Troubleshooting BBR

Page last updated:

This topic lists common troubleshooting scenarios and their solutions when using BOSH Backup and Restore (BBR) to back up and restore Pivotal Cloud Foundry (PCF).

Troubleshooting During a Backup

Symptom

BBR expects a backup script that doesn’t exist.

The Elastic Runtime backup fails with the following error:

The mysql restore script expects a backup script
which produces mysql-artifact artifact which
is not present in the deployment.

Explanation

To back up MySQL in Elastic Runtime, BBR needs the backup prepare node to be enabled.

Solution

Follow the procedures in the Step 4: Enable Backup Prepare Node section of the Backing Up Pivotal Cloud Foundry with BBR topic and re-run the BBR backup command.

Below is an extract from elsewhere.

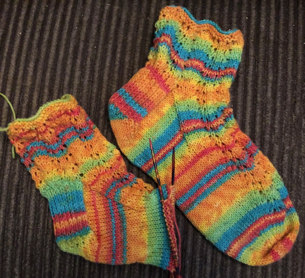 Now there’s still half of the month left, so I’m going to see if I can whip up another pair of shortie socks for me. Then I’ll turn my attention to something else for November.

Troubleshooting During a Restore

Symptom

The restore fails with a MySQL monit start timeout.

While running the BBR restore command, restoring the job mysql-restore fails with the following error:

1 error occurred:

* restore script for job mysql-restore failed on mysql/0.
...
Monit start failed: Timed out waiting for monit: 2m0s

Explanation

This happens when mariadb fails to start within the timeout period. It will end up in an “Execution Failed” state and monit will never try to start it again.

Solution

Ensure that your MySQL Server cluster has only one instance. If there are more than one instances of MySQL Server, the restore will fail with a monit start timeout. Scale down to one instance and retry.

If your MySQL Server cluster is already scaled down to one node, it may have taken longer than normal to restart the cluster. Follow the procedure below to manually verify and retry.

  1. List the VMs in your deployment:
    $ bosh -e DIRECTOR_IP --ca-cert /var/tempest/workspaces/default/root_ca_certificate \
    -d DEPLOYMENT_NAME \
    ssh
  2. Select the mysql VM to SSH into.
  3. From the mysql VM, run the following command to check that the mariadb process is running:
    $ ps aux | grep mariadb
    
  4. Run the following command to check that monit reports mariadb_ctrl is in an “Execution Failed” state:
    $ sudo monit summary
  5. If so, run the following command from the mysql VM to disable monitoring:
    $ monit unmonitor
  6. Run the following command to enable monitoring:
    $ monit monitor
  7. After a few minutes, run the following command:
    $ monit summary
    The command should report that all the processes are running.
  8. Re-attempt the restore with BBR.

Symptom

The deployment does not match the structure of the backup.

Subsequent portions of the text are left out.